If you want an agent to reference a specific tool during sessions with users, then you need to provide those instructions in the prompt. For example, if you want to provide hangup instructions to your agent, it might look something like: Before a call ends, make sure to always ask user whether they need anything else. If user doesn’t need anything else, use “hangup” tool.

Creating an agent tool

To create an agent tool, click the “New tool” button on the top right of the list screen.
  • Name: The name of the tool is used to reference it elsewhere in Console, including in prompts and agents, so you should pick something that’s easily identifiable. It shouldn’t contain any whitespace.
  • Service: A service is a grouping of tools. You can select any available service here to add your new tool to that service.

Agent tool schema

You define the behavior and capabilities of a tool using the Tool Schema. More details on the structure of the schema are available here. An example schema to call the Open-Meteo API to look up weather information is below. (Note that the value of the “parameters” field must be defined as a JSON Schema per the OpenAI API.)
{
  "type": "endpoint",
  "endpoint": {
    "url": "https://api.open-meteo.com/v1/forecast",
    "method": "get",
    "argumentLocation": "query"
  },
  "tool": {
    "type": "function",
    "function": {
      "name": "get_weather",
      "description": "Get the weather for a city",
      "parameters": {
        "type": "object",
        "properties": {
          "longitude": {
            "type": "number",
            "description": "The longitude of the city"
          },
          "latitude": {
            "type": "number",
            "description": "The latitude of the city"
          }
        },
        "required": [
          "longitude",
          "latitude"
        ]
      }
    }
  },
  "staticParameters": [
    {
      "name": "current",
      "description": "Information to retrieve from the Open-Meteo API, comma-separated",
      "required": true,
      "type": "string",
      "default": "temperature_2m,relative_humidity_2m,precipitation,rain,showers,snowfall"
    }
  ]
}
  • The “endpoint” object gives the agent details on what API endpoint to call and how to pass the parameters (in the body of a POST request).
  • The “tool” object includes a description of the tool, which should be written as instructions to the agent regarding what the tool does. It also includes a “parameters” object, which describes the various parameters that the agent should gather from the user’s input and send to the API endpoint in the “endpoint” object. (In this case, if the user says, for example, “What is the weather in New York City?”, the agent can determine the relevant latitude and longitude from the city name.)
  • The “staticParameters” object also describes parameters that should be sent to the API, but are predetermined at configuration time, rather than gathered by the agent from the user’s input.
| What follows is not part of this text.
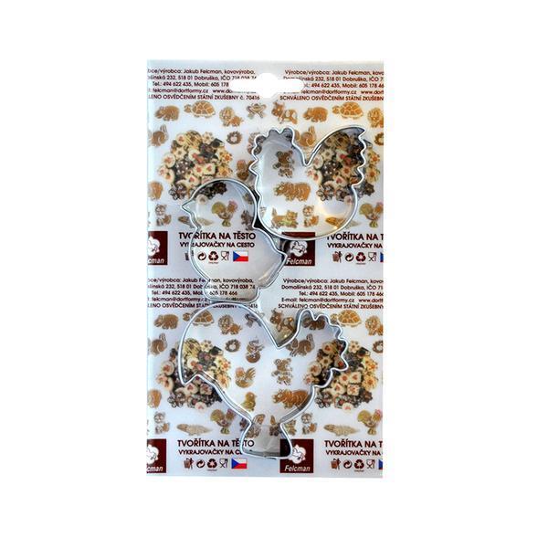 Veľkonočná sada formičiek. Vykrajovače sú vyrobené z pocínovaného plechu. Vhodné na cukrovinky, medovníčky, poťahové alebo modelovacie hmoty. Vykrajovače sú od českého výrobcu a spĺňajú všetky predpísané normy. Sada obsahuje 3 ks: kohútik, sliepočka, kuriatko.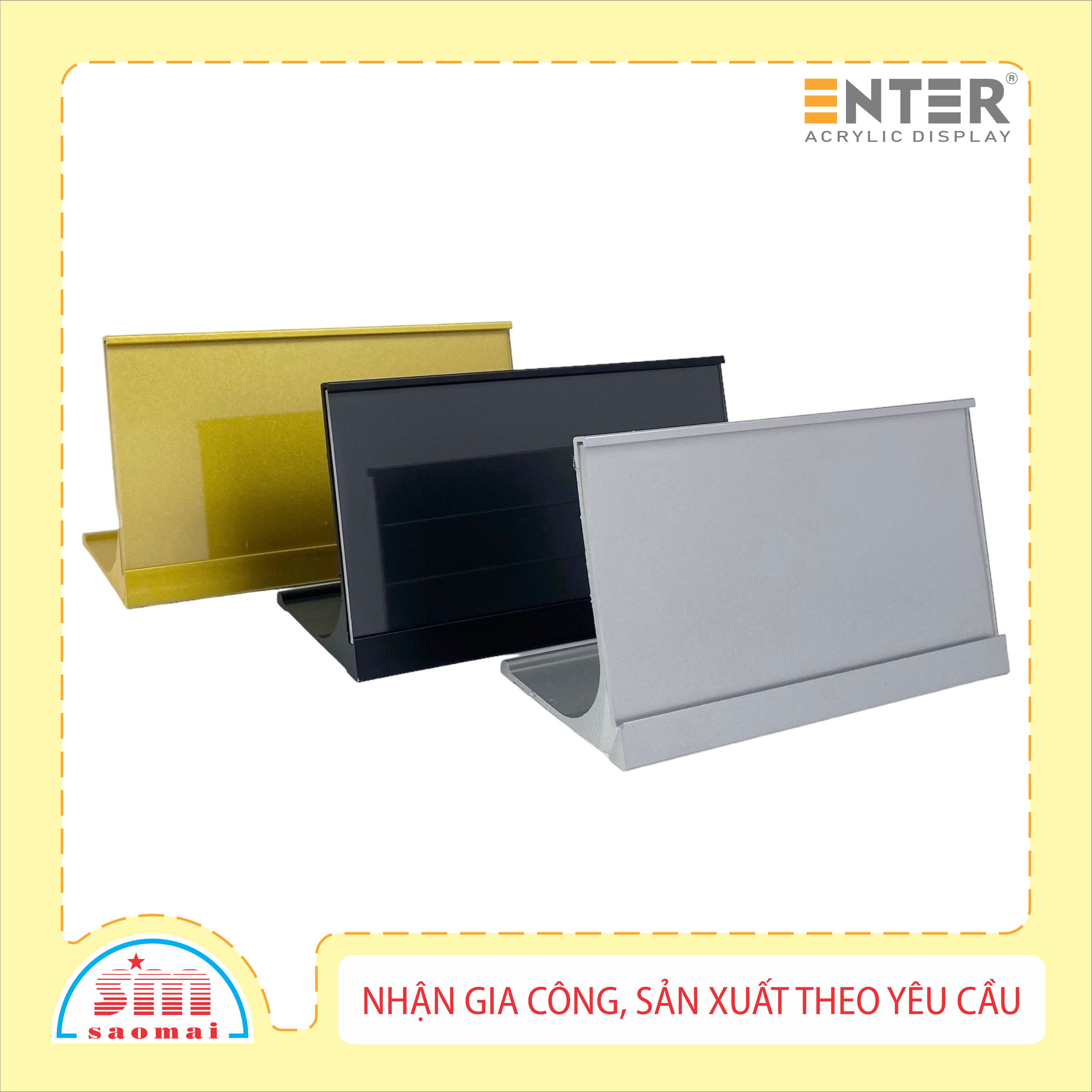 Bảng thông tin để bàn nhôm Enter AL32 150x75mm Chất liệu: Bảng thông tin để bàn nhôm Enter có thiết kế đơn giản, tuy nhiên lại tiện lợi khi sử dụng, mang lại tính thẩm mỹ và tác dụng quảng cáo, marketing cao... Thân kệ được làm từ nhôm chắc chắn, màu sắc sang trọng, không bị oxi hóa theo thời gian, dễ dàng vệ sinh. Mặt bảng được làm từ mica trong suốt chất lượng cao không bị đục, mờ, rạn nứt, dễ dàng nhìn rõ nội dung. Bảng thông tin để bàn dễ dàng thay đổi nội dung, tiết kiệm được chi phí mỗi khi thay đổi thực đơn, thay đổi thông tin khuyến mãi... Công dụng: Bảng thông tin để bàn nhôm Enter là sản phẩm làm từ nhôm cao cấp có công dụng hiển thị thông tin sản phẩm tại các nhà hàng, khách sạn... sản phẩm này còn được dùng như một standee để bàn quảng cáo sản phẩm một cách ấn tượng nhất. Sản phẩm có thể in hoặc khắc logo theo yêu cầu. Công ty TNHH VPP Khắc Dấu Sao Mai chuyên sản xuất các sản phẩm bằng mica giá rẻ, chất lượng: kệ mica 2 mặt, kệ mica 1 mặt, kệ chức vụ, kệ danh thiếp, kệ mica để tờ rơi, kệ mica nhiều tầng, bìa trình ký, khung hình cao cấp, thùng phiếu, hộp thư, đế chức danh, đế quân đội… Với máy móc, thiết bị hiện đại, Sao Mai có thể đáp ứng đa dạng các sản phẩm mica theo yêu cầu của Quý khách. Giá sản phẩm trên Tiki đã bao gồm thuế theo luật hiện hành. Bên cạnh đó, tuỳ vào loại sản phẩm, hình thức và địa chỉ giao hàng mà có thể phát sinh thêm chi phí khác như phí vận chuyển, phụ phí hàng cồng kềnh, thuế nhập khẩu (đối với đơn hàng giao từ nước ngoài có giá trị trên 1 triệu đồng).....

They can be configured here at the tool level, but can also be overridden at the agent level, so that different agents can use the same tool (by using a prompt that has been linked to that tool), but specify different behavior for that tool. For more information, see the Tool Configuration section.
Note that the name of each parameter (both static and non-static) in the tool definition must match the name of the parameter on the API endpoint side.

Using Variables in Tools

Variables can enhance your tools by making descriptions more contextual and setting dynamic default values in static parameters. Variable usage in tool descriptions:
{
  "tool": {
    "type": "function",
    "function": {
      "name": "schedule_appointment",
      "description": "Schedule an appointment for {{ vars.customer_name }} at {{ vars.location_name }}. Session: {{ vars.session.id }}"
    }
  }
}
Variable usage in static parameters:
{
  "staticParameters": [
    {
      "name": "customer_id",
      "description": "Customer account identifier",
      "default": "{{ vars.account_id }}",
      "type": "string"
    },
    {
      "name": "timestamp",
      "description": "Current session timestamp", 
      "default": "{{ vars.session.datetime }}",
      "type": "string"
    }
  ]
}
Benefits of variables in tools:
  • Dynamic defaults: Set contextual default values that change per session
  • Personalized descriptions: Make tool descriptions more relevant to the current interaction
  • Session tracking: Include session or user context in tool parameters
For complete variable syntax, available variables, and best practices, see Variables. The “parameters” field is always required. To define a tool that has no parameters, you need to declare an empty “properties” object, like this:
{
  "type": "endpoint",
  "endpoint": {
    "url": "https://official-joke-api.appspot.com/random_joke",
    "method": "get",
    "argument_location": "query"
  },
  "tool": {
    "type": "function",
    "function": {
      "name": "random_joke",
      "description": "Generate a random joke.",
      "parameters": {
        "type": "object",
        "properties": {}
      }
    }
  }
}

Services

Services are a centralized place to store authentication credentials to be used by multiple tools. This way, authentication will only need to be configured once and multiple tools can reuse the same service for authentication within a session. tools_services_list.png

Creating a service

To create a service, click “New service”.
  • Name: Name of the service
  • Description (optional): Description of the service
  • Auth type (optional): Authentication type
tools_services_create.png If you are creating a service for authentication, you have 3 options:
  • Basic: This type of authentication requires username and password.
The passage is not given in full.